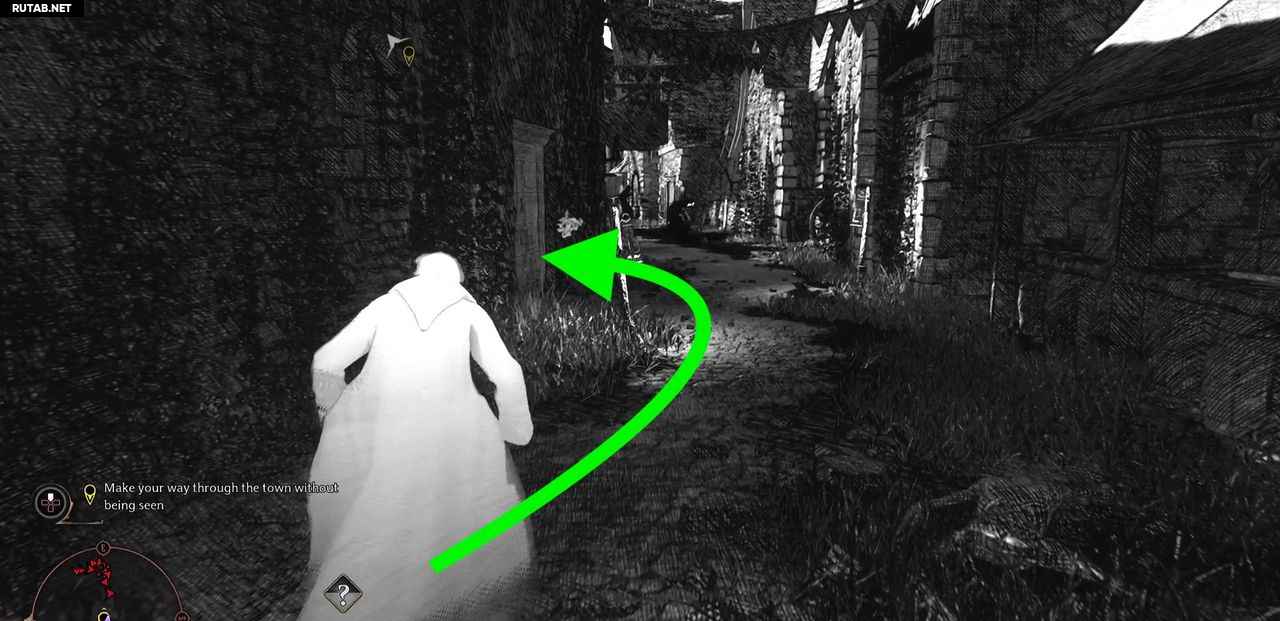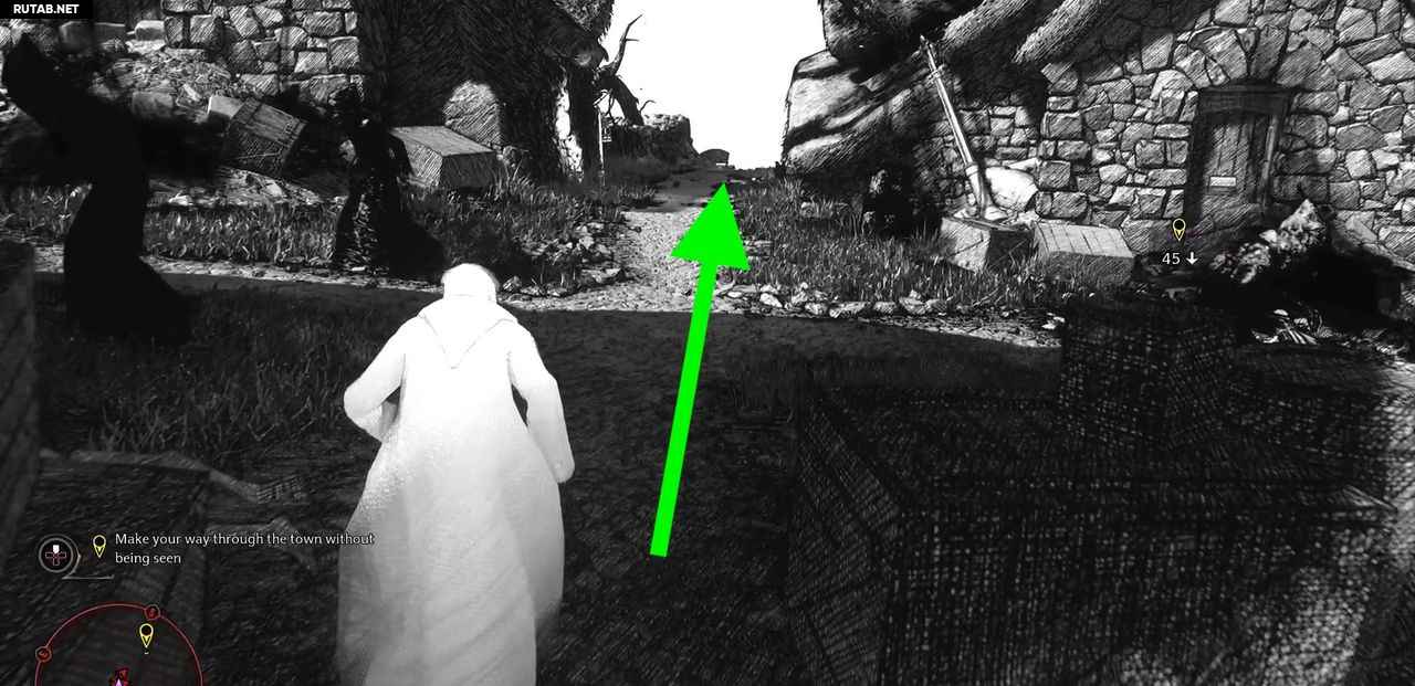 Продолжайте идти по городу, пока не увидите еще трех фигур в плащах. Тот, что справа, не будет двигаться, а два слева будут. Двигайтесь, когда второй из двух движется вверх по холму.
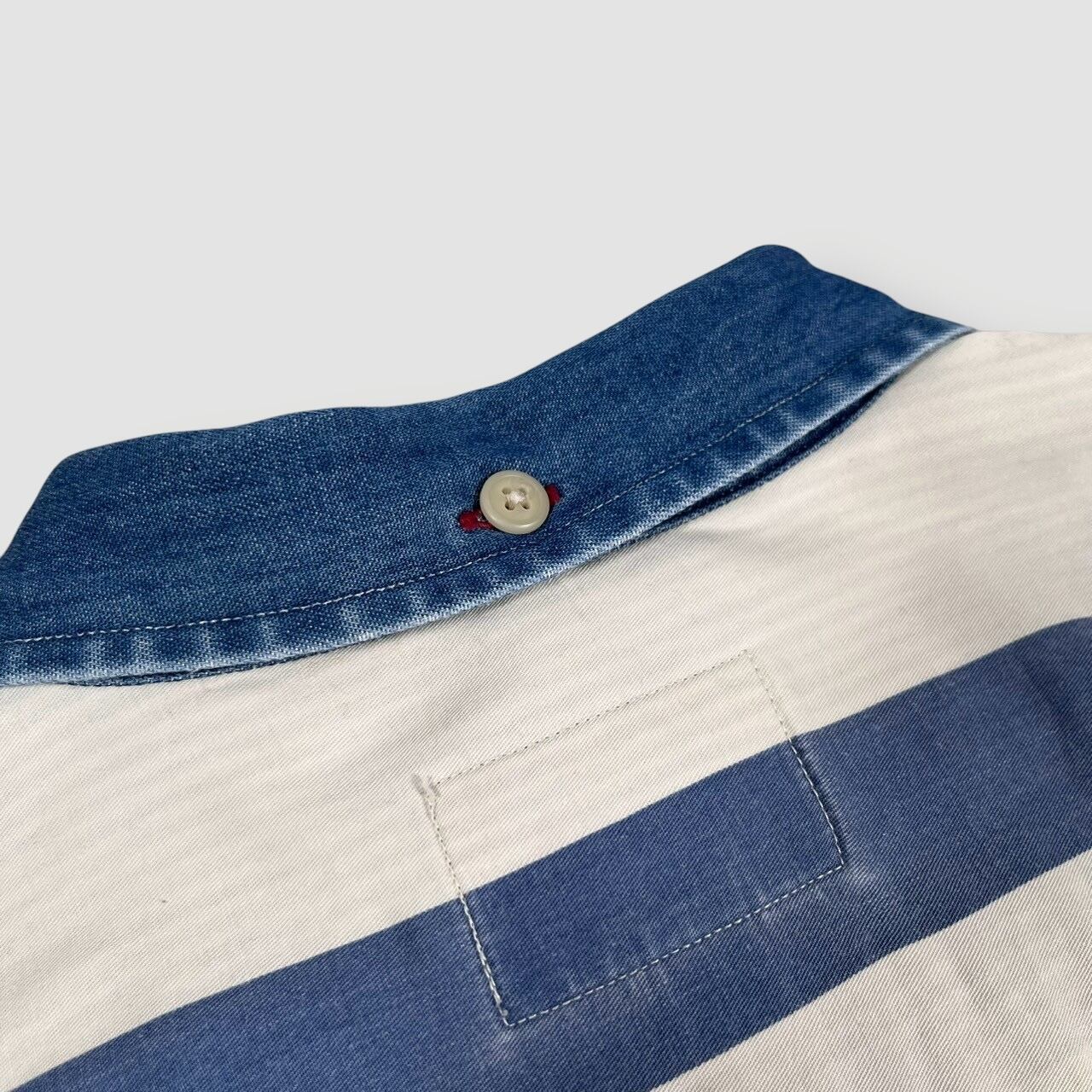アシンメトリーなストライプが目を引きます、襟がデニムになっているのも良いアクセントです
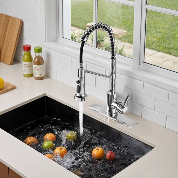 15.63 in Pull Down Sprayer with Kitchen Faucet Single-Handle Kitchen Sink Faucet in Chrome

▸ What needs to be done
Without including any images, output the data exactly as given.

▸ Response box
 Продолжайте идти по городу, пока не увидите еще трех фигур в плащах. Тот, что справа, не будет двигаться, а два слева будут. Двигайтесь, когда второй из двух движется вверх по холму.
アシンメトリーなストライプが目を引きます、襟がデニムになっているのも良いアクセントです
 15.63 in Pull Down Sprayer with Kitchen Faucet Single-Handle Kitchen Sink Faucet in Chrome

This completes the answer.